Ida sintió rabia, pero se controló.

—He tenido mis noches locas. Sé qué es ir de juerga. He hecho eso de buscar emociones fuertes. Y me parece una tontería. Creía que esas experiencias serían intensas y reveladoras, pero sólo eran imaginaciones mías. He practicado puenting. He saltado en paracaídas. Debajo de la adrenalina sólo hay el mismo sentimiento de conciencia de uno mismo de siempre.
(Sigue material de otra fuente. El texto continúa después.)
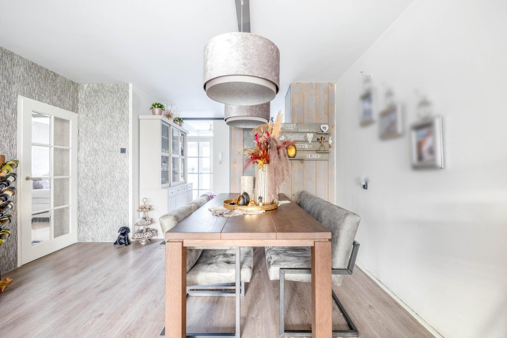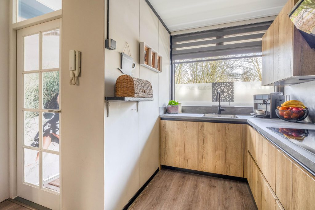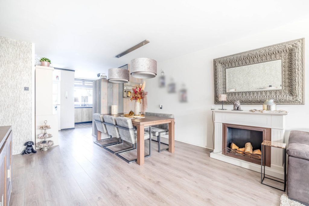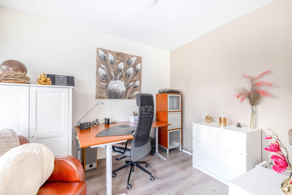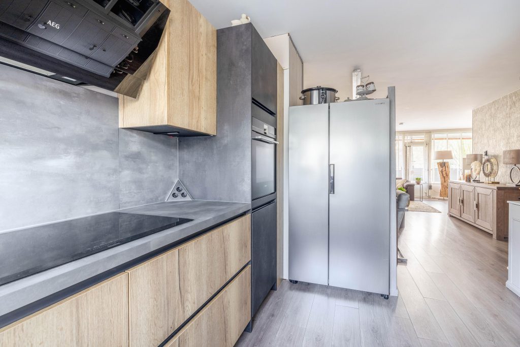 The apartment has a living area of approximately 108 m² with a practical layout. The bright living room with a semi-open kitchen offers plenty of space and comfort. The room at the rear can be used for various purposes. The kitchen is equipped with modern built-in appliances, including a Quooker, combi oven, electric hob with extractor fan, dishwasher, and a large American-style fridge.
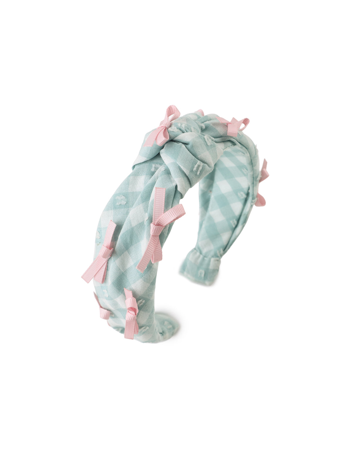 TAYLOR WIDE GINGHAM HEADBAND WITH GROSSGRAIN BOWS
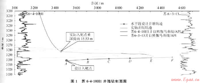 如果設(shè)計靶點低于實際目標層,在有效地層厚度范圍內(nèi)井斜角達不到工程入靶技術(shù)要求,則存在鉆刻目標層、填井重鉆風(fēng)險。典型井蘇6-4-10H1,設(shè)計靶點在預(yù)測目標層以下15.53m,發(fā)現(xiàn)后及時上調(diào)入靶點,最終使該井成功入靶(圖1)。
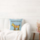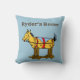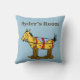 Um travesseiro decorativo editável com seu nome em letras ocidentais, e a arte venenosa restaurada de um cavalo de brinquedo com manchas sobre rodas, restaurada a partir de um livro de histórias.
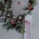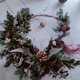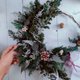 【课程内容】:教导同学如何用永生雪松绑一个半月型花圈,再加上果实及干燥花材加以装饰,最后完成自然风花圈
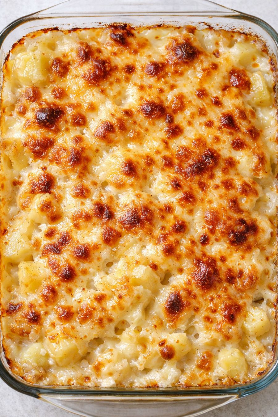 This is the potato bake that made the rounds at every church potluck I grew up going to in the Midwest. It always disappeared before the desserts, and nobody could quite figure out why it tasted so much better than all the other cheesy potatoes on the table. Years later, my next-door neighbor finally admitted that it was her pan all along and shared her “secret” version with me: just four ingredients, all pantry-friendly, stirred together and baked until bubbly with a golden brown cheese crust. It’s the kind of comforting, no-fuss casserole you can throw together after work or double for a party without stressing about a long ingredient list.
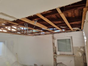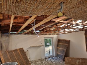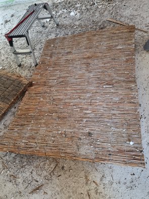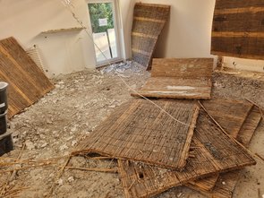 Dann Schilfdecke demontiert. Gscheite Sauerei. Auf dem Schilf lag oben drauf oft Kiesel. Auf ein paar Matten leider auch Bitumenkleckse. Die müss ma entfernen, sonst Sondermüll.
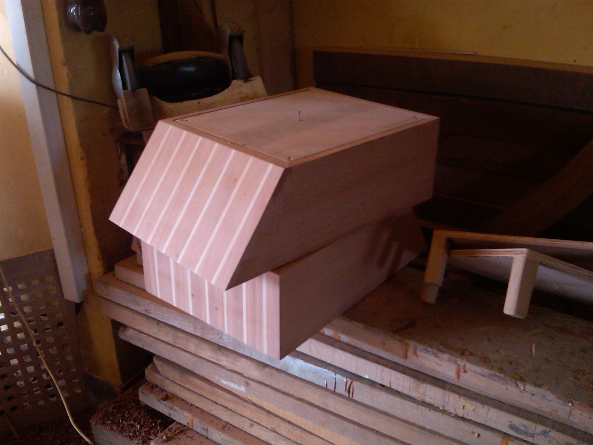 The original place for the batteries was used. However, we use two batteries and place on a wooden plate. The cover shall have non visible hinges.
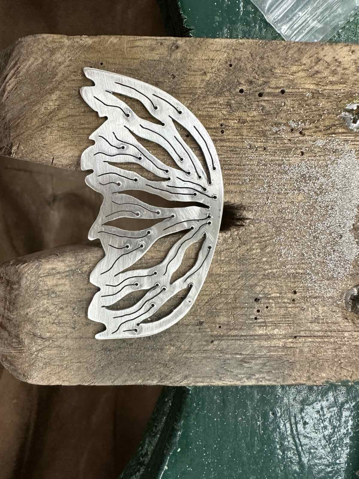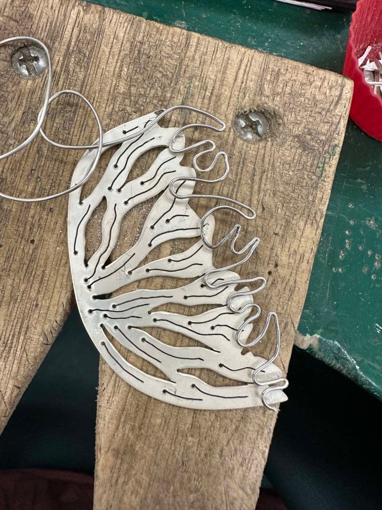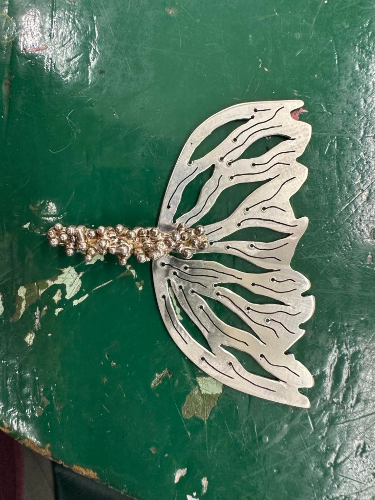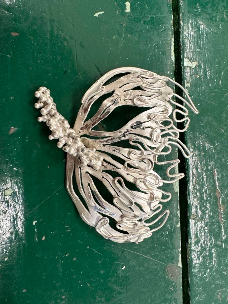 Everyone in her jewellery group became interested in her project, her teacher even offering her the use of her own jewellery studio for some of the trickier elements. Eventually, the birthday arrived and I could see the brooch. To say that I was delighted is an understatement. It is the most beautiful object – it is not a copy of the drawing, it is an interpretation of it. In the way she has used the silver it has taken on the shapes and forms in my drawing but taken them to another dimension. Below are some of the progress steps of the development of the brooch. Her months of hard work have created a unique piece of art that I will wear with immense pride and joy.
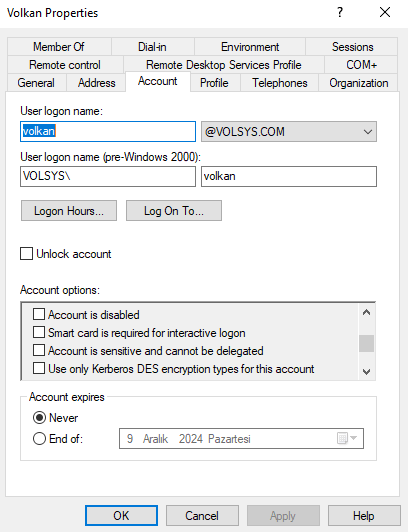 “Account is sensitive and cannot be delegated” ayarı, Active Directory’deki bir hesabın güvenliğini artırmak için kullanılan bir seçenektir. Bu ayar, bir hesabın yetki devri (delegation) işlemlerinde kullanılmasını engeller ve genellikle hassas veya yüksek ayrıcalıklı hesaplar için uygulanır.

—No me refería a saltar en paracaídas. Ni a nada de todo eso. —Henry suspiró—. Nunca he hecho esas cosas, Ida, así que sólo puedo conjeturar. Pero me he emocionado, a mi manera. Las reses aladas me atacaron en grupo. Cuando las descubrí, se abalanzaron sobre mí, y sus alas zumbaban con tanta intensidad que al principio creí que iban a levantarme del suelo. Recuerdo el olor a almizcle del rebaño mejor que la sonrisa de mi madre, pero mira... Los únicos momentos en que me he sentido vivo de verdad... es decir —se dio unas palmadas en el pecho, a la altura del diafragma—, en el corazón... han sido los que pasé con Evaline Crook.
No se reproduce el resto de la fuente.